Les deux personnes suspectées d'avoir préparé un attentat sont des Anderlechtois

Une opération antiterroriste discrète mais importante a été menée chez nous ces dernières heures. Des personnes suspectées de préparer des attentats ont été arrêtées. Plusieurs perquisitions et interpellations ont eu lieu ce dimanche et ce lundi à Bruxelles, en Brabant flamand et en région liégeoise à la demande d'un juge d'instruction de Bruxelles, spécialisé en matière de terrorisme.

Au total, six personnes ont été interpellées dans le cadre de cette enquête. Deux suspects sont placés sous mandat d’arrêt. Les quatre autres personnes ont été remises en liberté après audition par le juge d’instruction.

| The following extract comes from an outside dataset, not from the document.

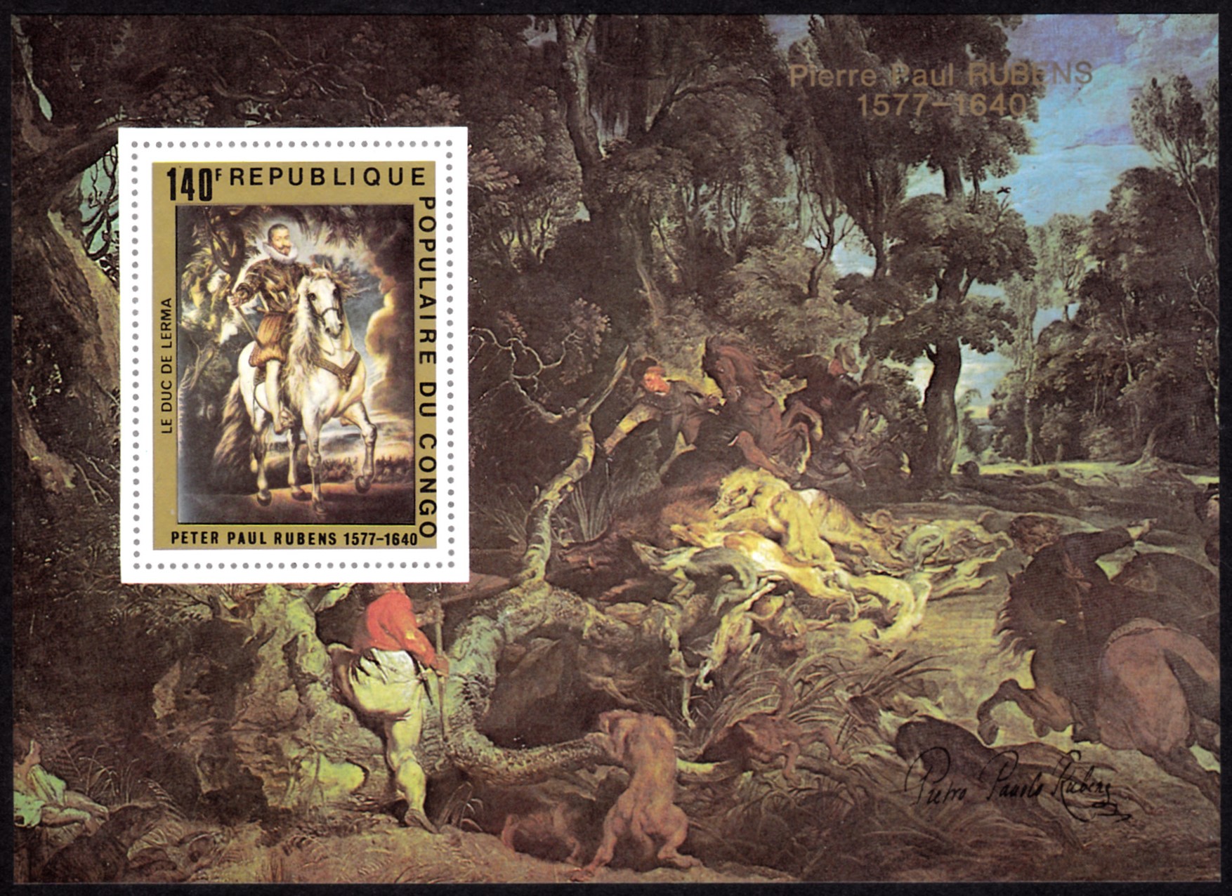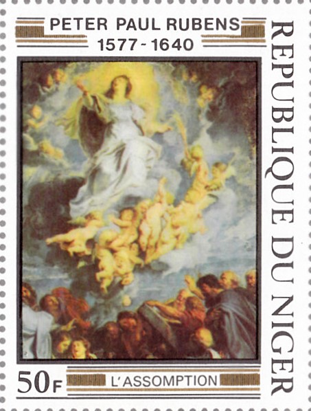 Im Niger erschienen zum 400. Geburtstag von Peter Paul Rubens außer dem bereits auf der ersten Seite hier schon gezeigten Block auch noch eine Serie mit fünf Märken. Eine Marke zu 50Fr (MiNr 607) zeigt das Gemälde "Mariä Himmelfahrt" von Rubens.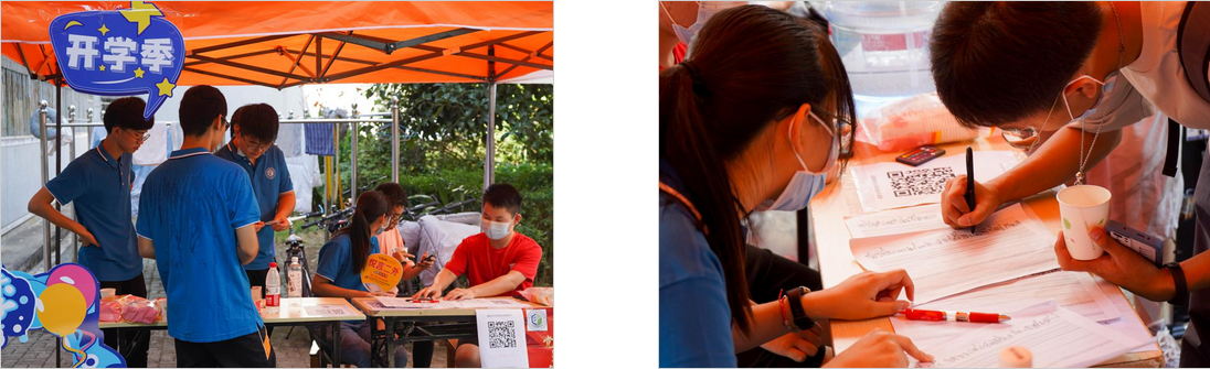 在新生入学当天,jdb电子游戏官方网站分别在博园3栋、荟园2栋、荟园4栋、荟园9栋设立志愿服务岗和党员值班岗,从早上6点到晚上11点轮番值守。身处烈日之下,哪怕早已汗流浃背,学生党员和志愿者们仍然坚持值班,在停车点前帮助新生从车上卸下行李,在校园内进行指引,在宿舍楼下将行李搬运上楼,确保每一位新生都能顺利报到。帮助新生办理入住的同时,志愿者们也积极解答他们的各种问题,包括智慧后勤的使用方法、校园卡如何充值等。同时,为了让新生尽快适应校园环境,志愿者们带领新生前往快递站、食堂等地点,帮助他们熟悉校园,并主动分享自己在华农经历、学习经验等,与新生相谈甚欢。

Les deux individus placés sous mandat d’arrêt sont inculpés de participation à un groupe terroriste et de menace d’attentat. L'un des deux est soupçonné d'être à la fois dirigeant et recruteur d'une cellule terroriste.

Des armes "jouets"

Les deux Bruxellois se connaissent et font tous les deux parties d’un club de motards de la capitale. L’un d’eux a été arrêté dimanche matin, à son domicile. Les enquêteurs y ont trouvé du matériel de type militaire. Il s’agissait vraisemblablement de matériel d’Airsoft, ce jeu collectif qui se pratique en plein air sur le modèle du paintball. L’Airsoft utilise des répliques d’armes américaines qui projettent des billes de plastique. Les joueurs revêtent également des tenues de camouflage.

Les enquêteurs ont saisi des masques et des treillis. Selon le parquet fédéral, du matériel de propagande de l’Etat Islamique a également été trouvé. Les ordinateurs saisis sont en cours d’analyse. Selon nos informations, l’un des deux hommes n’avait pas de casier, judiciaire. L’autre était déjà connu de la justice pour des faits de banditisme. Aucun n’apparaissait encore dans un dossier terroriste, mais on leur reproche bien d’avoir voulu commettre un attentat à Bruxelles. C’est à ce titre qu’ils ont été inculpés, ainsi que pour participation aux activités d’un groupe terroriste.

"Du matériel de propagande de l'État islamique"

Le groupe dont ils faisaient partie aurait voulu commettre des attentats en Belgique ciblant plusieurs lieux emblématiques de Bruxelles, ainsi que la police, pendant les fêtes de fin d'année. Le parquet fédéral a confirmé ces informations, évoquant des "menaces sérieuses d'attentats".

Il n'y a aucun lien avec les attentats de Paris, a confirmé le parquet fédéral, compétent en matière de terrorisme, à qui le dossier a été transféré après avoir d’abord été ouvert au parquet de Bruxelles.